Cuando el gran padre de la iglesia Agustín habló del matrimonio, tomó literalmente el hueso de donde según la Biblia Dios sacó a la mujer: de una costilla.  No la sacó de un hueso de la cabeza, dice Agustín, para que ella se enseñoree de él, ni tampoco de un hueso de los pies, para que él la trate como sirvienta.  La sacó de una costilla, del medio y del igual, y seguro de una costilla que estaba cerca de su corazón, para que el hombre se acuerde de amarla y respetarla.

Tanto el hombre debe respetar a la mujer como la mujer al hombre.  Este es el espíritu igualitario que deja de lado el divorcio.  Este es el espíritu de Jesús

También el apóstol Pablo recordó este espíritu de Cristo cuando dijo: “Pero ahora que ha venido la fe, ya no estamos bajo un guía,  porque todos sois hijos de Dios por la fe en Cristo Jesús,  pues todos los que habéis sido bautizados en Cristo, de Cristo estáis revestidos.  Ya no hay judío ni griego; no hay esclavo ni libre; no hay hombre ni mujer, porque todos vosotros sois uno en Cristo Jesús” (Gá 3:25-28).

El espíritu de Cristo es un espíritu igualitario, eso es lo que este texto nos enseña.

Además, dice Jesús, nuestras relaciones con los demás deben ser conducidas con mucha prudencia.

La única razón válida para el divorcio, dice Jesús, es la fornicación, o “porneia”.  Desgraciadamente esta palabra, que se había olvidado un poco, nuevamente ha recobrado su significado y está instalada en toda la humanidad a través del triste lugar de la pornografía.

El que repudia a su mujer, dice Jesús,  tiene que tener cuidado de no estar forzando a la mujer al adulterio.  Tanto la mujer repudiada a la ligera, como el que se casa con la repudiada, ambos adulteran, dice Jesús.

Es que las razones de uno suelen impactar en la vida de los otros.  Los padres no piensan en los hijos hasta que ya es muy tarde, la mujer no piensa en el varón hasta que ya lo hizo, el hombre no piensa en la mujer hasta que ya es demasiado tarde.  Después, qué se puede hacer…

Así también es con el adolescente que se regocija con la pornografía, no repara en los males sociales que están detrás de ella, no sabe ni piensa lo explotadas y maltratadas que son las mujeres que se someten a ella.  Mirar las revistas parece muy divertido, pero el dolor social y la explotación que hay detrás convierten ese pasatiempo aparentemente inofensivo en algo verdaderamente inmoral.  No por causa de uno, sino por causa de los males que causa el comportamiento de uno.

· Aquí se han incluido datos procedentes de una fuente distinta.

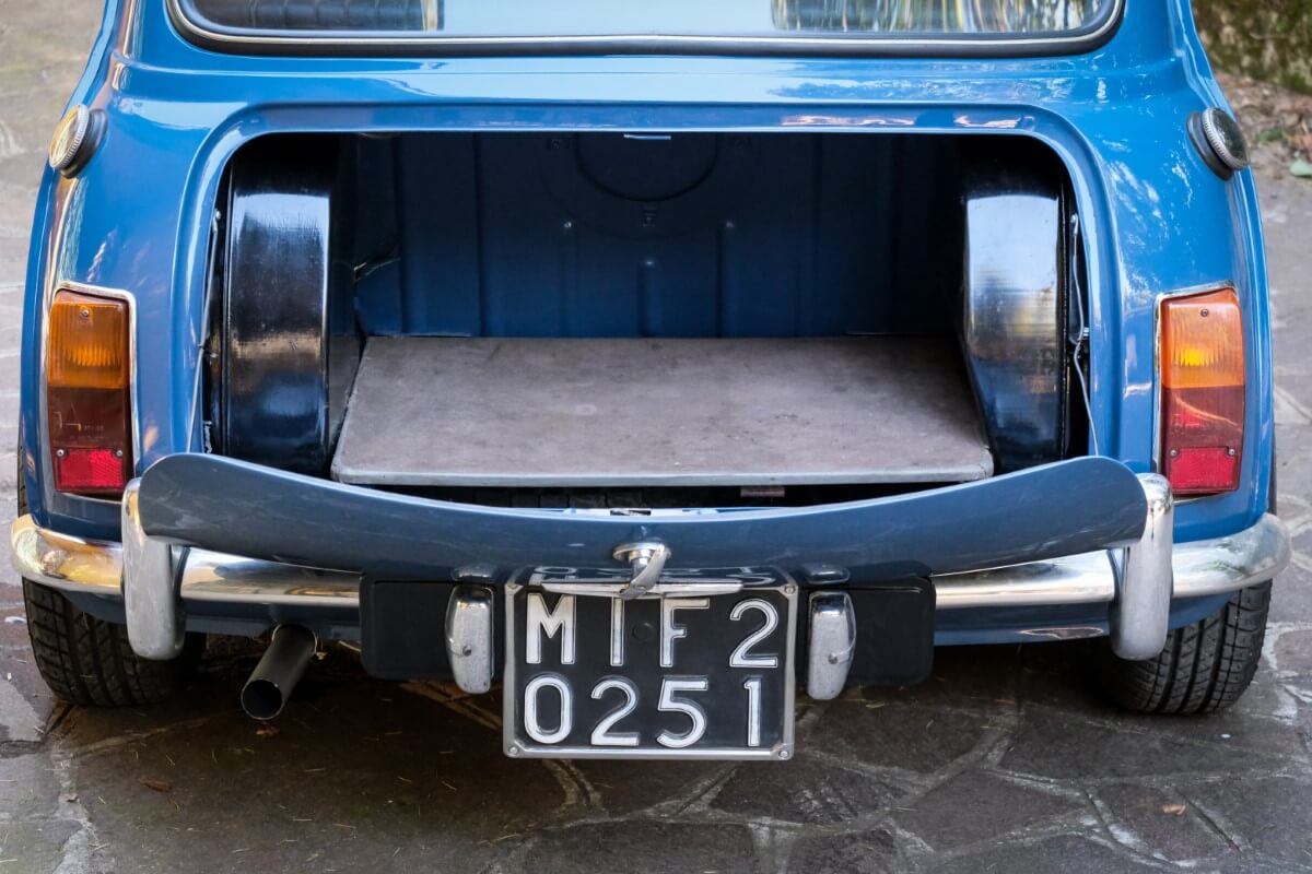 La 1275 è la Mini di serie più performante in assoluto, con 75 cavalli di potenza, albero motore alleggerito, collettori di aspirazione maggiorati e, soprattutto, due carburatori SU HS2 da 1.25″ che pescano benzina da un doppio serbatoio, visibile nella foto col bauletto posteriore aperto.

Hay que tener cuidado con nuestras relaciones, dice Jesús.  Lo que uno hace afecta a los demás, de una u otra manera.  Por eso, si no conducimos nuestras relaciones con los otros con suma prudencia, hacemos que los otros caigan continuamente en todo tipo de pecados a los cuales nosotros mismos los estamos induciendo.

El adulterio es un pecado de a dos.  El que adultera hace que otro adultere con él.  Así también es el divorcio, un pecado de a dos.  No hay partes inocentes en un divorcio.  Es cierto que alguna de las partes puede ser la más culpable, pero la otra parte también jugó su papel, o quizá no lo jugó cuando debió haberlo jugado.

Un espíritu igualitario, dice Jesús, exige que tratemos a los demás con la misma deferencia, con el mismo tratamiento, con el mismo cariño y el mismo amor con que nos tratamos a nosotros mismos.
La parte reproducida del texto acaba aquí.